Later, when Bree and Orson Hodge (Kyle MacLachlan) are having troubles, Edie lets Orson stay with her. Edie later shares a brief drunken kiss with Orson which is seen by Bree. The two begin to fight. Later, when Edie discovers that Bree's baby is really Austin and Danielle's, she threatens to tell everyone about it unless Bree does exactly what she wants. In turn, Bree admits everything to her friends and explains Edie's threats. The housewives confront Edie and cast her out, refusing to engage with, or speak to her anymore.

====Five-year jump====
During the five-year jump, Edie begins dating motivational speaker Dave Williams. Edie proposes and they elope. After, Dave convinces Edie into moving back to Wisteria Lane, back into her house that she had been renting.

===Season 5===
The fifth season is set five years on from the fourth-season finale, when Edie returns to Wisteria Lane. Dave is persistent in convincing Edie to get along better with her neighbors. When Karen grows suspicious of Dave and attempts to investigate his background, Edie realizes she knows very little about his past. One night she wakes up and sees Dave talking to himself, and he admits he used to be married before he met Edie and that his wife died. Edie is furious he never told her and throws him out of the house.

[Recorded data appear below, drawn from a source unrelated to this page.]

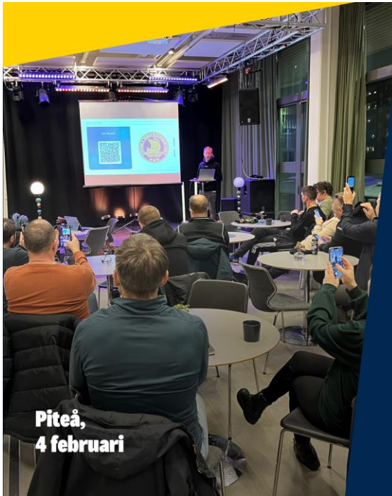
Piteå, 4 februari
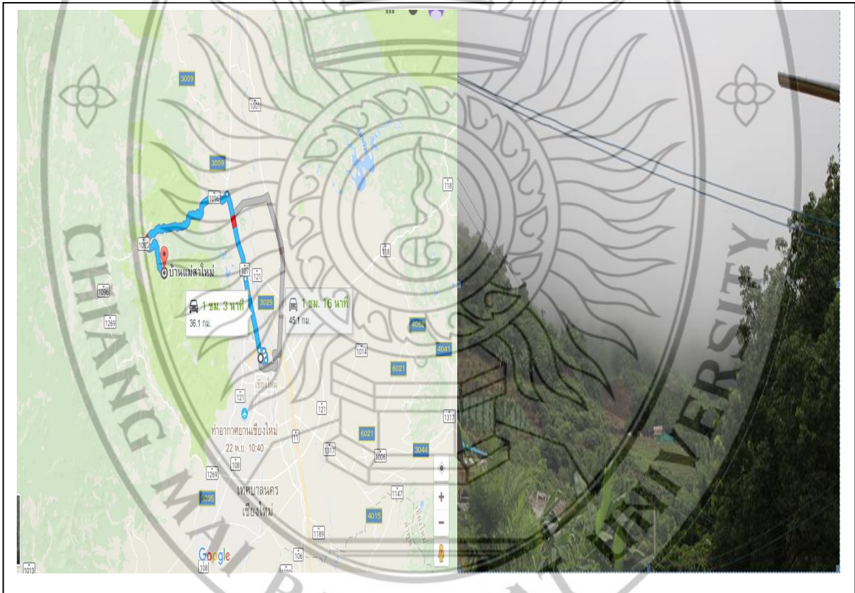
ภาพที่ 1.1 แผนที่บ้านมิ่ง แม่สาใหม่ ตั้งอยู่ หมู่ที่ 6 ตำบลโป่งแยง อำเภอแม่ริม จังหวัดเชียงใหม่ ที่มา ( https://www.google.co.th/maps/dir/18.8067245,98.9857254/บ้านแม่สาใหม่ )

บ้านมิ่ง แม่สาใหม่ ตั้งอยู่ หมู่ที่ 6 ตำบลโป่งแยง อำเภอแม่ริม จังหวัดเชียงใหม่ ตั้งอยู่บริเวณหุบเขาใกล้ห้วยสายเล็ก ๆ มีหุบเขาล้อมรอบ อยู่สูงจากระดับน้ำทะเล 1,000 เมตร มียอดเขาสูงสุด 1,400 เมตร พื้นที่ส่วนใหญ่จะลาดชัน มีพื้นที่ราบน้อย สภาพป่าจะเป็นป่าดิบเขา และป่ากึ่งเบญจพรรณ ส่วนเส้นทางที่สามารถเข้าถึงหมู่บ้าน ได้ตลอดฤดูกาลมีเพียงเส้นทางเดียว คือ เส้นทางแยกจากทางหลวง สายแม่ริม-สะเมิง ตรงบริเวณวัดบ้านโป่งแยงนอก โดยระยะทางจากทางแยกถึงหมู่บ้าน 7 กิโลเมตร และจากทางแยกเข้าสู่ตัวเมือง 22 กิโลเมตรหรือชุมชนอยู่ห่างจากตัวเมืองเชียงใหม่ 39 กิโลเมตร ดังภาพที่ 1.1
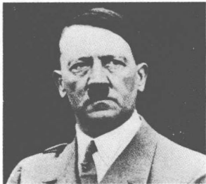
希特勒 | Adolf Hitler

一有合适的时机就进攻波兰……我们不能期望重演捷克事件。这次得打仗了，我们的任务是孤立波兰。
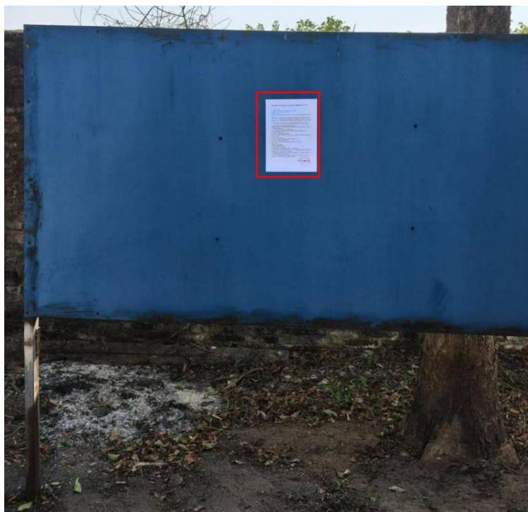
北海市园田农业科技有限公司公告栏 张贴公示

张贴区域为建设项目所在地的居民活动频繁区，张贴区域选取符合《环境影响评价公众参与办法》要求。

Later, when Edie is locked in a basement with Susan, they have a heart-to-heart, convincing Edie to accept Dave back into her life. However, she grows suspicious again and goes to the local newspaper archives for information on Dave's family, where she learns that Dave had both a wife and daughter who were killed in a car crash. Upon receiving a news article on the accident, she learns it was Mike who had been driving the other car. She confronts Dave when he returns home from his camping trip and attempts to call Mike to warn him. Dave attacks her and strangles her, but Edie manages to escape and frantically drives away. Orson stumbles onto the road, causing her to swerve and hit an electric post. Dazed, Edie steps out onto the power line that had snapped and is killed by the electric shock.

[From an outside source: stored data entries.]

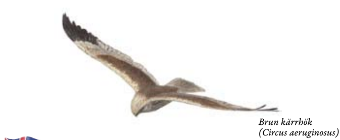
Brun kärrhöök ( Circus aeruginosus )

Det kan vara svårt att hitta till Stångåns mynning och det bästa är att skaffa en stadskarta. Stångåstråket är ett välutnyttjat närströvsområde. Till fots eller med cykel går det att följa ån på nära håll hela vägen ut ur staden. Med bil kommer du inte intill ån på samma sätt, men du kan åka ut till fågeltornet vid mynningen.
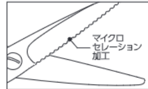
※カットハサミのみ
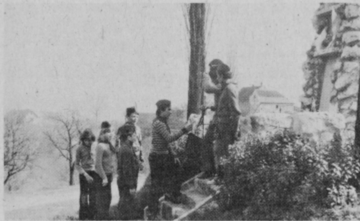
Primopredaja kurirčkove pošte pri spomeniku v Ilovcih.

mimo straž, saj nihče ni slutil, da opravljajo tako pomembno delo za narodnoosvobodilno vojsko. Prinesli veselo sporočilo o pomoči, ali
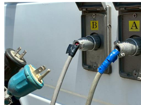
外部入力電源コード
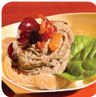
Panmoravintola Plevna Poronvasan maksapateeta ja karpalohyytelöä (L) Itäinenkatu 4
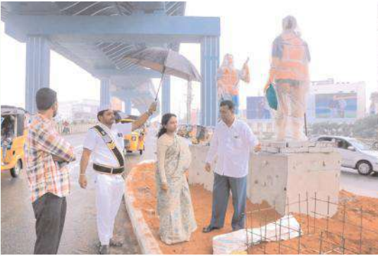
తిరుపతి కార్పొరేషన్, మేజర్ న్యూస్:
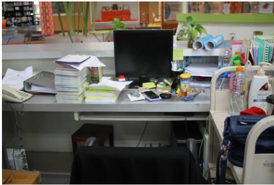
ก่อนทำกิจกรรม
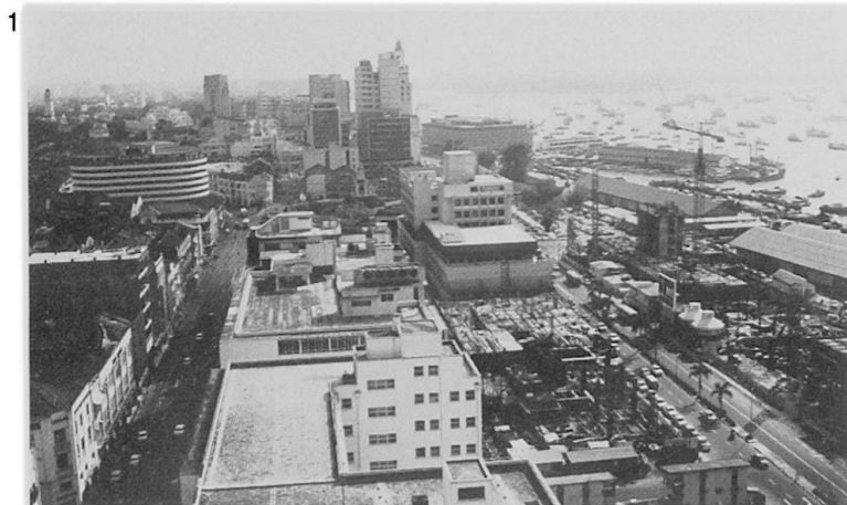
Abb. 6 Zweckmäßigkeit wird ergänzt durch ansprechende architektonische Gestaltung (Verwaltungsgebäude der Singapore Airlines).
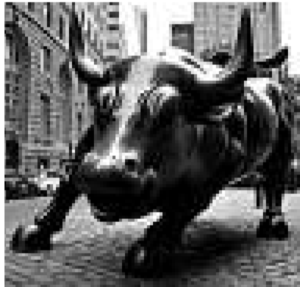
美國華爾街的金牛 (互聯網)

據透露，與華爾街金牛不同的是，外灘金融廣場的金牛將以中國牛為原型設計。目前，雕塑正在製作過程中，預計在半年結束之前便能正式落戶外灘。
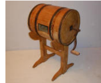
Baratte ronde (2000.405.1(1)(2))

After, the housewives pay a visit to Travers (Stephen Lunsford) to announce her death and to give him her ashes. On the journey up each of the housewives and Karen McCluskey share memories of Edie. Once they arrive, however, Travers tells them that they were her closest friends and that they should spread the ashes wherever they see fit. Ultimately, her ashes are spread around Wisteria Lane.

Edie later appears briefly in "Everybody Says Don't" as a hallucination of Dave's, while he continues to plot his revenge.